* [WHAT YOU ARE ASKED TO DO] Give back each entry exactly as written, apart from the pictures.

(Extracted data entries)
━━━━
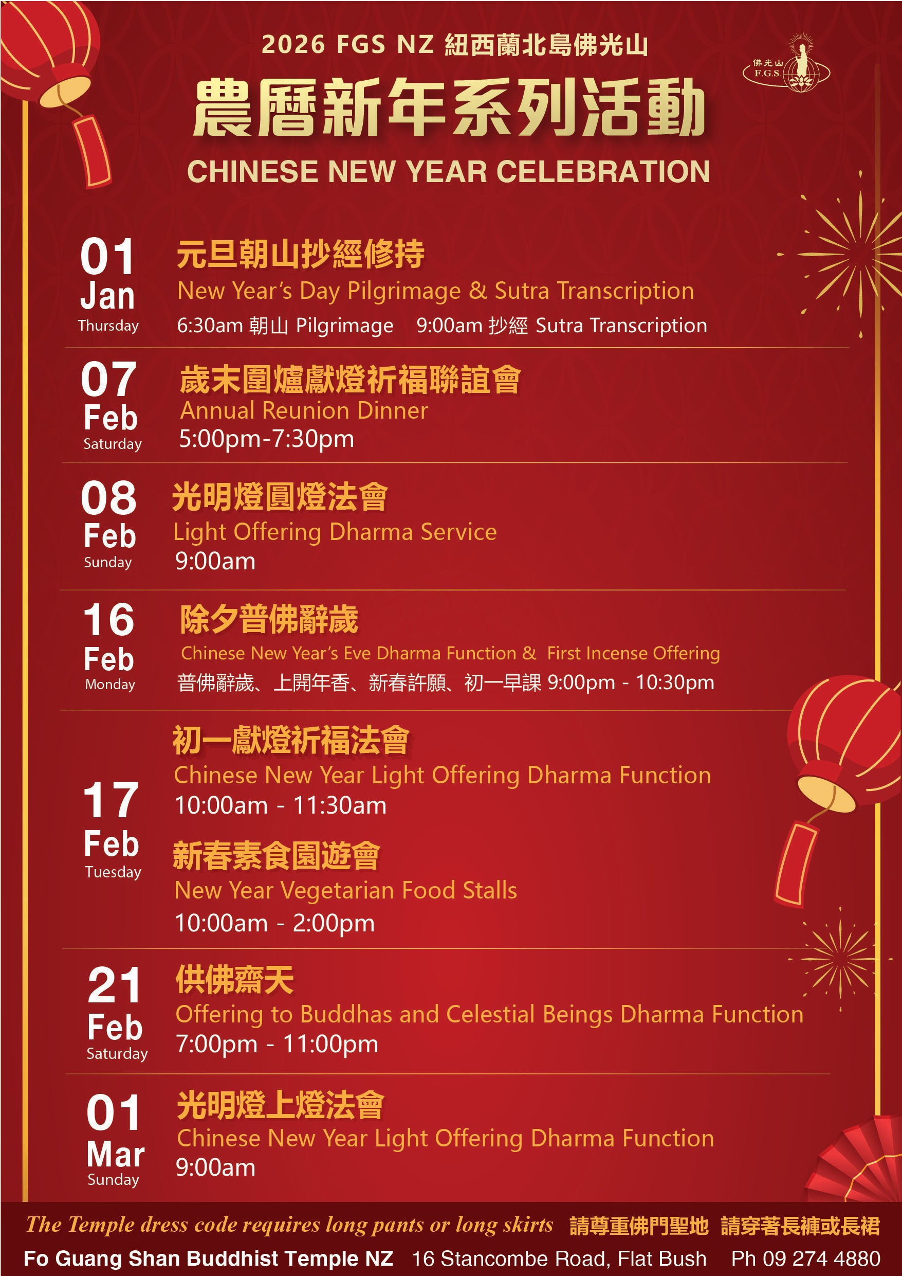 紐西蘭北島佛光山將於2026年2月8日舉行光明燈圓燈法會,為所有點燈的信眾作功德總回向,祈願大眾增福增慧。3月1日將為新的一年啟建光明燈上燈法會。
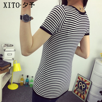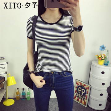 條紋圓領(lǐng)打底衫女2016新品修身純棉韓版短袖女士t恤DT34 /
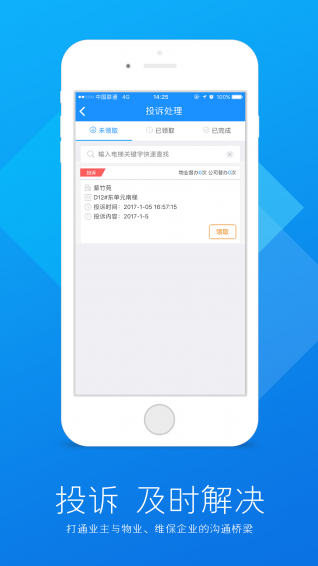 1.应急救援:第一时间接收电梯故障,全面实现故障信息及时有效处理。2.投诉管理:打通业主与物业/维保企业的沟通桥梁,及时有效解决问题。
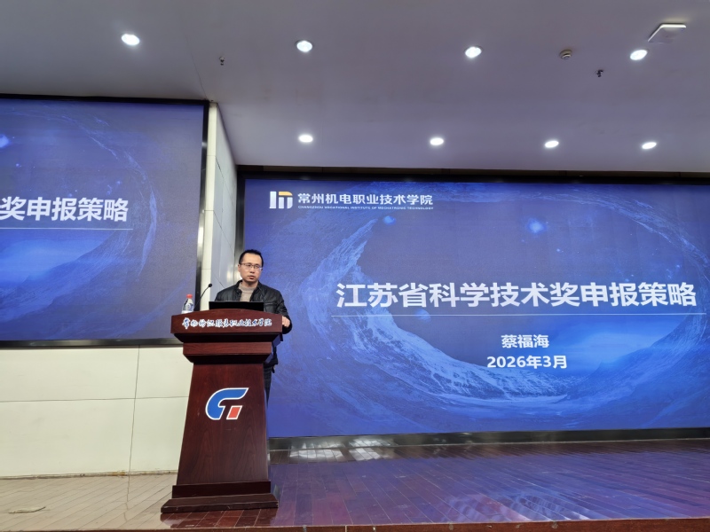 为了增强我校科研能力,帮助老师成功申报江苏省科学技术奖。2026年3月11日我校邀请常州机电职业技术学院科技处处长蔡福海为广大教师作江苏省科学技术奖申报培训。蔡福海主要从以下四方面进行解读培训。
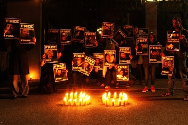 Hier soir, une centaine de militants Greenpeace ont protesté pacifiquement devant les ambassades et consulats russes à Genève, Berne et Zürich, afin de rappeler leur soutien à leurs camarades défenseurs…
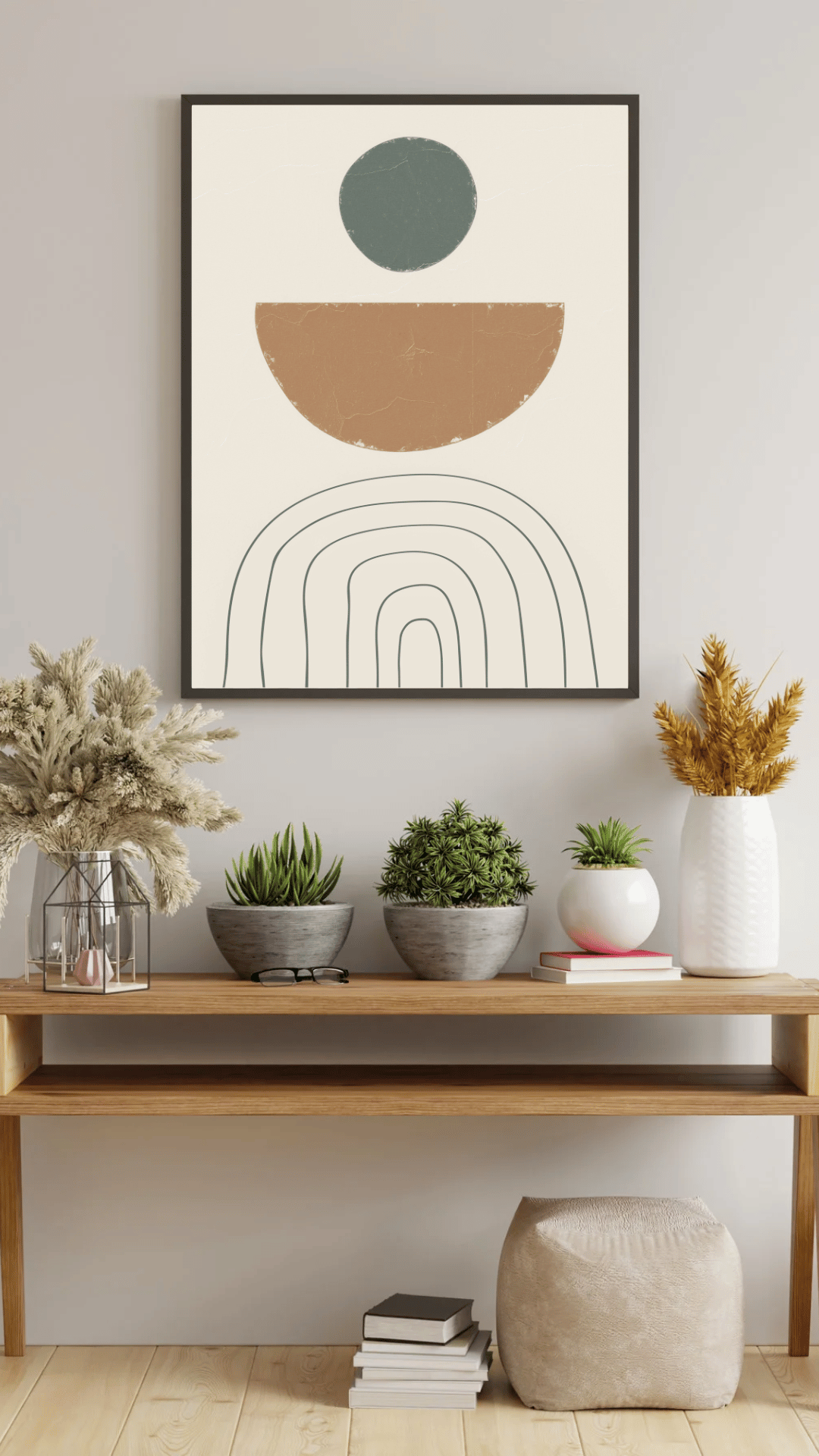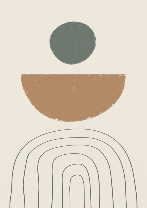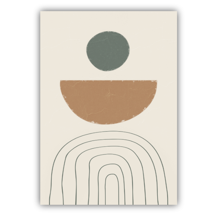 Minimalistyczny plakat geometryczny inspirowany harmonią form i spokojną estetyką nowoczesnych wnętrz. Proste kształty – koło, półkole oraz subtelne linie – tworzą elegancką kompozycję, która wprowadza do przestrzeni równowagę i lekkość.
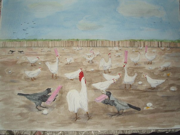 Но в одно прекрасное утро прилетели вороны. Они никого не обижали. Они ни с кем не ссорились. Они просто принесли накладные гребешки и стали обменивать их на червяков. Петухам, у которых гребешки были маленькие, очень хотелось их хоть как-то удлинить, чтобы их тоже уважали. И курам тоже захотелось носить большие гребешки, ведь это так красиво. И тогда все куры и петухи стали приносить червяков воронам и обменивать их на накладные гребешки. А вороны приносили гребешки все более красивые и высокие. За которые нужно было отдавать все больше червяков.
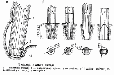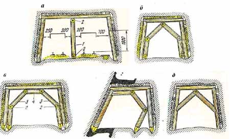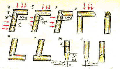 | Соединение элементов крепи и узлы податливости деревянных рам. а, б, в – стоек и верхняка в лапу, г- в паз; д- стоек и лежней в лапу, е – в зуб; ж – заострение стоек на конус; з – в виде клина. |
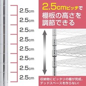 素材:シェルフ(棚)・ポール:スチール(クロームメッキ)、スリーブ:ABS樹脂
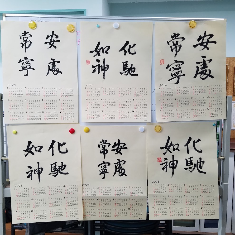 そんな過ごしやすい気候の中、皆さんと一緒に 年末の恒例作品「書道カレンダー」 を仕上げました。
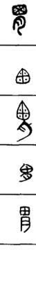 从上到下依次是小篆、甲骨文、金文、古玺及战国文字、缪篆及汉代文字、鸟虫篆。
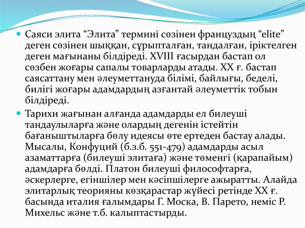 Сaяси элита “Элита” термині сөзінен француздың “еlite”деген сөзінен шыққан, сұрыпталған, тандалған, іріктелген
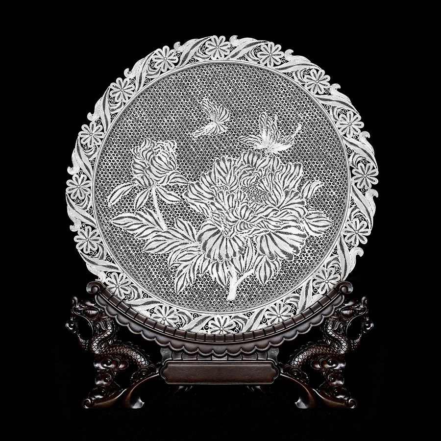 【作品名称】:《花蝶绮梦花丝盘》
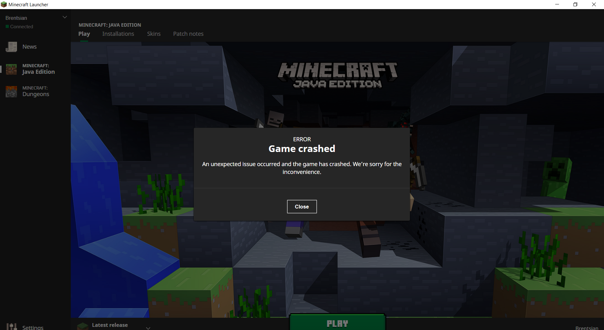 Please attach the crash report found in [minecraft/crash-reports/crash-<DATE>-client.txt|https://minecrafthopper.net/help/guides/finding-minecraft-data-folder/] here. If you cannot find a crash report, please attach the full launcher log found in [minecraft/launcher_log.txt|https://minecrafthopper.net/help/guides/getting-minecraft-logs/].
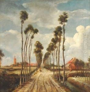 A View On A Farm By A Canal With Travellers On A Road By Abridge
━━━━
* [EXERCISE SOLUTION]
 紐西蘭北島佛光山將於2026年2月8日舉行光明燈圓燈法會,為所有點燈的信眾作功德總回向,祈願大眾增福增慧。3月1日將為新的一年啟建光明燈上燈法會。
 條紋圓領(lǐng)打底衫女2016新品修身純棉韓版短袖女士t恤DT34 /
 1.应急救援:第一时间接收电梯故障,全面实现故障信息及时有效处理。2.投诉管理:打通业主与物业/维保企业的沟通桥梁,及时有效解决问题。
 为了增强我校科研能力,帮助老师成功申报江苏省科学技术奖。2026年3月11日我校邀请常州机电职业技术学院科技处处长蔡福海为广大教师作江苏省科学技术奖申报培训。蔡福海主要从以下四方面进行解读培训。
 Hier soir, une centaine de militants Greenpeace ont protesté pacifiquement devant les ambassades et consulats russes à Genève, Berne et Zürich, afin de rappeler leur soutien à leurs camarades défenseurs…
 Minimalistyczny plakat geometryczny inspirowany harmonią form i spokojną estetyką nowoczesnych wnętrz. Proste kształty – koło, półkole oraz subtelne linie – tworzą elegancką kompozycję, która wprowadza do przestrzeni równowagę i lekkość.
 Но в одно прекрасное утро прилетели вороны. Они никого не обижали. Они ни с кем не ссорились. Они просто принесли накладные гребешки и стали обменивать их на червяков. Петухам, у которых гребешки были маленькие, очень хотелось их хоть как-то удлинить, чтобы их тоже уважали. И курам тоже захотелось носить большие гребешки, ведь это так красиво. И тогда все куры и петухи стали приносить червяков воронам и обменивать их на накладные гребешки. А вороны приносили гребешки все более красивые и высокие. За которые нужно было отдавать все больше червяков.
 | Соединение элементов крепи и узлы податливости деревянных рам. а, б, в – стоек и верхняка в лапу, г- в паз; д- стоек и лежней в лапу, е – в зуб; ж – заострение стоек на конус; з – в виде клина. |
 素材:シェルフ(棚)・ポール:スチール(クロームメッキ)、スリーブ:ABS樹脂
 そんな過ごしやすい気候の中、皆さんと一緒に 年末の恒例作品「書道カレンダー」 を仕上げました。
 从上到下依次是小篆、甲骨文、金文、古玺及战国文字、缪篆及汉代文字、鸟虫篆。
 Сaяси элита “Элита” термині сөзінен француздың “еlite”деген сөзінен шыққан, сұрыпталған, тандалған, іріктелген
 【作品名称】:《花蝶绮梦花丝盘》
 Please attach the crash report found in [minecraft/crash-reports/crash-<DATE>-client.txt|https://minecrafthopper.net/help/guides/finding-minecraft-data-folder/] here. If you cannot find a crash report, please attach the full launcher log found in [minecraft/launcher_log.txt|https://minecrafthopper.net/help/guides/getting-minecraft-logs/].
 A View On A Farm By A Canal With Travellers On A Road By Abridge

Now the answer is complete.